Let's see how far it is (as the crow flies) between Jarrow and Parliament:

julia> lon1, lat1 = -1.4951547, 54.967618; # Jarrow

julia> lon2, lat2 = -0.1270032, 51.4994794; # Palace of Westminster

julia> a, f = Geodesics.EARTH_R_MAJOR_WGS84, Geodesics.F_WGS84;

julia> dist, az, baz = Geodesics.inverse(deg2rad.((lon1, lat1, lon2, lat2))..., a, f)
(396614.87733361026, 2.899562465488462, 6.06029305842987)

So the Jarrow Marchers had at the very least (ignoring topography) 396 km to walk!

Convenience functions

Geodesics.jl comes with convenience functions which use angles in either degrees or radians, as you prefer. It is also often true that you are only interested in one quantity at the time, such only wanting to find out the forward azimuth between two known points. In this case, use Geodesics.azimuth to find which azimuth you should sail along (on a perfectly calm day) to reach St Malo from Jersey:

julia> lon0, lat0 = -2.117641, 49.176924; # St. Helier, Jersey

julia> lon1, lat1 = -2.032614, 48.641570; # St. Malo, France

julia> Geodesics.azimuth(lon0, lat0, lon1, lat1) # Uses degrees and WGS84 ellipsoid by default
173.99132840869288

Note that I didn't need to specify the flattening (which defaults to that of the WGS84 ellipsoid), but this can be overridden using the f keyword argument.

The full list of convenience functions:

  • angular_distance: Find the surface distance between two points in terms of an angle measured from the centre of the ellipsoid.
  • surface_distance: The distance between two points.
  • angular_step: Find the end point and backazimuth from one point when travelling a set angular distance along a defined azimuth.
  • azimuth: The forward azimuth between two points.

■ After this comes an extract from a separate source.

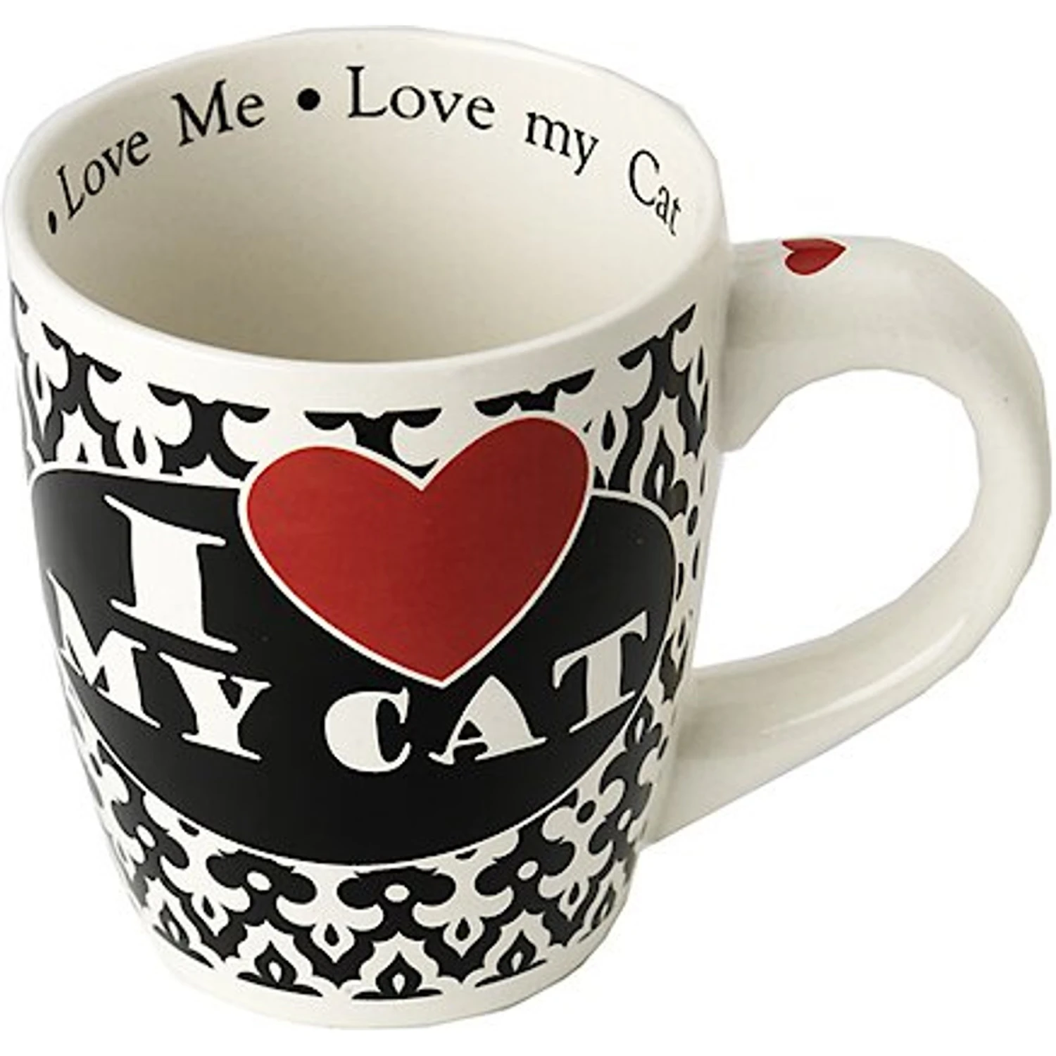- Mug features the saying “I (Heart) My Cat” with lettering along the inside rim.

Choice of geodesic calculation

This package so far only implements Vincenty's methods, but others are available. Pull requests to add these are welcome.

Acknowledgments

Adapted from the GreatCircle.jl package, which in turn is a port of pygc.

References

Thaddeus Vincenty published the forward and inverse methods used in this package in the following paper:

  1. Vincenty, T. (1975). "Direct and Inverse Solutions of Geodesics on the Ellipsoid with application of nested equations" (PDF). Survey Review. XXIII (176): 88–93. doi:10.1179/sre.1975.23.176.88.